Nothing happened. Absolutely nothing.

I exhaled in relief—a small victory for common sense. I tucked the medallion beneath my shirt. After a full day of wearing it, maybe the rest of the suffocating fear would go away,
too.

My plan was to dart into the kitchen to grab my sweatshirt and be out of the house in seconds. But as I was throwing it over my head, I smelled the strangest thing. I poked my head from the top
of the sweatshirt to find my dad putting strips of crispy bacon upon a plate and transferring that plate to the table, where a steaming stack of pancakes awaited. I couldn’t believe my eyes.
I hadn’t seen such a feast since before Mom left. Dad sat down and took a satisfied pull of his coffee.

“Great timing, Jimmy. Pull up a chair.”

Dad was whistling. Sure, it was Don and Juan’s “What’s Your Name?” but still—whistling? It was so unprecedented that for a moment I forgot everything else.

“You okay, Dad?”

“Better than okay. Had the best sleep of my life last night. Jimmy, I tell you, I haven’t slept that well since I was little, back when I shared a room with my brother, Jack.
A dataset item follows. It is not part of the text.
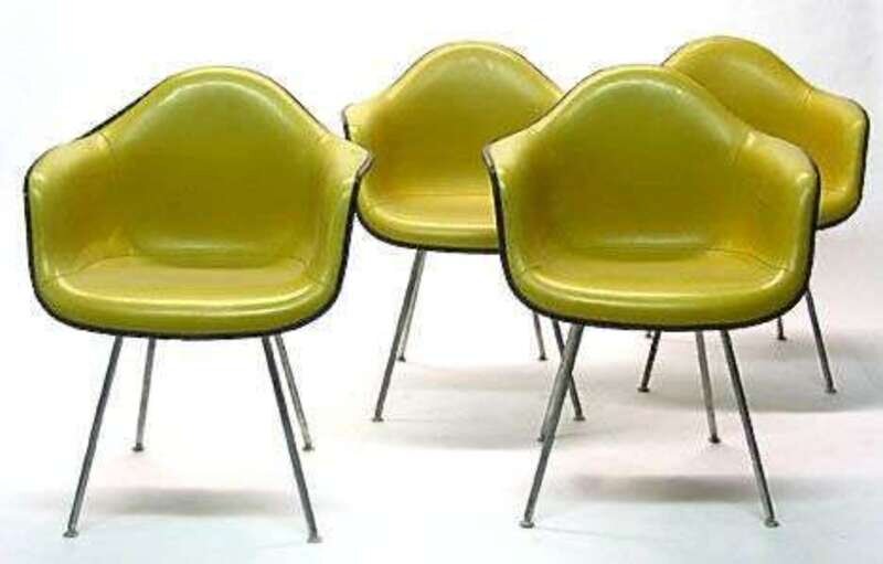 Set of four Herman Miller yellow shell chairs

Never
thought I’d sleep that well again.”

He absently touched his Excalibur Calculator Pocket, as if fantasizing about how he might even find the courage to stand up for himself at work. His fingers moved to the Band-Aid on his glasses,
and he nodded as if deciding to fix those frames once and for all. I’d never seen him so happy. I couldn’t help it; I smiled back. He reached across the table for the syrup.